One final, precise adjustment: reverse, forward, done. The Austin's rear tires settled exactly against the painted line of the space. Between the little car and the enormous Mondeo: two fingers' width. No more, no less. It slotted into the corner as though it had always belonged there.

Sherlock put it in neutral, pulled the handbrake, switched off the engine.

He turned and looked at Gemma through the window, a quiet smile on his face. "Done."

She was already walking over and still couldn't stop herself from circling the car front and back, those blue eyes wide with disbelief. "Merlin's beard, Sherlock, that was extraordinary!"

In her estimation, parking cleanly in conditions like these, first try, was roughly equivalent to a third-year student successfully casting a Patronus.

She looked up at him as he climbed out, gaze bright and intent: "I couldn't have done that—no, I definitely couldn't have done that. How on earth did you manage it?"

"Measure the car's length, calculate the turning angle." He unclipped his seatbelt and retrieved the beach towel from the passenger seat as he stepped out.

"My guess is you weren't accounting for the rear wheels when you practiced. That's why you kept catching the car next to you." He nodded at the Austin's back wheels. "And the classic Mini's steering is actually more responsive than modern cars—so you have to start turning slightly earlier to bring the rear wheels into position."

By this point, a stout man in a Hawaiian shirt, his face ruddy and cheerful, had wandered over from nearby.
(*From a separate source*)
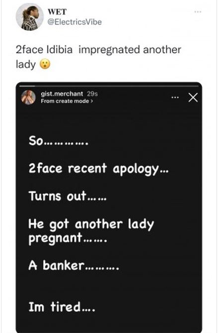 The Veteran musician is trending after Information that he got another woman pregnant hit the internet. According to Gist Merchant, 2baba got a banker pregnant. She claims that the banker is a close friend of the family and 2baba betrayed Annie’s trust by impregnating her.
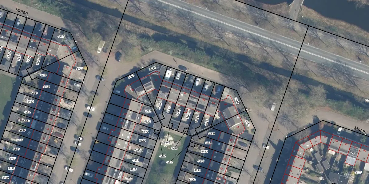 Het perceel waarop Maten 69 staat heeft een oppervlakte van 165 m². Dit is een middelgroot perceel. De perceeloppervlakte wordt geregistreerd door het Kadaster. Gedetailleerde informatie over de maten van dit perceel kunt u vinden in het rapport Kadastrale kaart met maatvoering van Maten 69.

He had been watching since they arrived—had seen the Austin pull up to that extreme corner, watched them climb out and look at the space, and simply hadn't left.

He had stayed. And he had seen everything.

He broke into a slow, delighted clap, his accent was of pure Londoner: "Oi, son, that was some driving!"

He pointed at the corner. "I've been behind the wheel half my life—that space? I'd need three goes at it minimum, and I'd still be sweating. You walked it first time. Brilliant."

Two bright spots of colour rose in Gemma's cheeks.

She had lost count of how many tries it would have taken her. Any number. Infinite, perhaps.

But when she heard the man's praise, she couldn't help it—the corners of her mouth lifted, her chest drew back, and she stood just a little taller with pride.

"He practiced moving the neighbours' car," she told the man, her voice warm. "Good, isn't he?"